Fixes a bug where queries may not return when instant updates include URLs that contain ampersands.

3 Bug fixes

Prevents creation of objects within Freemarker template files to ensure that template editors can not cause external code to be executed.

3 Bug fixes

Fixes a bug where 'FineTune' may crash when 'query_processor_options' is longer than '1000' bytes.

3 Bug fixes

Push slaves will now actively pull down merge/vacuumed generations, rather than waiting for commits to trigger this.

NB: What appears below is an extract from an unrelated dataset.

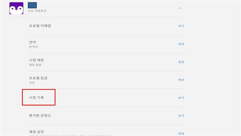 계정 관리 설정에서 시청 기록을 확인할 수 있다.(사진=넷플릭스 공식 홈페이지 캡쳐).

This can help solve problems where the slaves will not reduce the number of generations or re-indexes are not pulled down by the slaves.

3 Bug fixes

Fixes security issues where:

  • The default form-not-found template reflected the given form id without proper escaping.

  • The default configuration of URL previewing could be used to expose local log file content.

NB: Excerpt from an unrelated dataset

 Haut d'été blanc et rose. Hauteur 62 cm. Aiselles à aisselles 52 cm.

Please ensure any custom form-not-found.ftl templates in collections are updated to perform correct escaping if they were derived from the previously vulnerable form-not-found.default.ftl.

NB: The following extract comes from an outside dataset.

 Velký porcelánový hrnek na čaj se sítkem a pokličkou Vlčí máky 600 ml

Please ensure that any customised value for the global default_url_renderer.permitted_url_pattern setting in global.cfg prevents access to file:// URLs.

3 Bug fixes

Fixes a bug where the crawler would not correctly decode links in HTML, XML and plain text documents.

3 Bug fixes

Improves the performance of the directory gatherer.

3 Bug fixes

Fixes support for sort mode '3' in query completion, allowing 'alpha' to be respected.

3 Bug fixes

parent_group Facebook events field has been removed since it requires escalated permissions. On some Facebook collections, this caused crawling of events to fail.

3 Bug fixes

Provides additional metadata for twitter records specifying if a tweet is a reply and to what it is a reply to. This is made available in the XML under 'isReply', 'inReplyToScreenName', 'inReplyToStatusId', 'inReplyToUserId' and 'inReplyToUrl'.

3 Bug fixes

Adds an option to padre-iw to allow control of how the lock string should be modified. The option is "-lock_string_mod_mode=[legacy raw]". By default it is set to "legacy" and that keeps the current behaviour of modifying the lockstring. The "raw" option results in padre-iw not altering the lock string; leaving in white space, new lines and commas.

3 Bug fixes

Adds an experimental DLS plugin called "secBoolExpr" which is able to evaluate lockstrings which are boolean expression. For example, a lockstring where the user must have both B and C or A can be represented as A,(B AND C) or A | (B&C). This lockstring is evaluated as a boolean expression where the user keys are what is true in the expression. For example, if the user had "B" and "C" then they would be able to view that document. To enable the plugin set in collection.cfg "security.earlybinding.locks-keys-matcher.name=secBoolExpr" and set "-lock_string_mod_mode=raw" on the indexer.

3 Bug fixes

The default Facebook crawler requested information that required the page to be created by the same user that provided the application access token. The best_page & parent_page page fields are no longer available and the crawler will now function without escalated permissions.

3 Bug fixes

Fixes an issue with SAML authentication where users who did not have access to the funnelback_documentation collection were unable to log out.

3 Bug fixes

Fixes an issue with SAML authentication where some browsers would fail to redirect users completely after login.

3 Bug fixes

Updates error messaging in the task queue when SAML authentication is enabled.

3 Bug fixes

Updates product documentation references to unreleased features.

3 Bug fixes

Stops the same sitemap.xml file from being processed multiple times on different threads.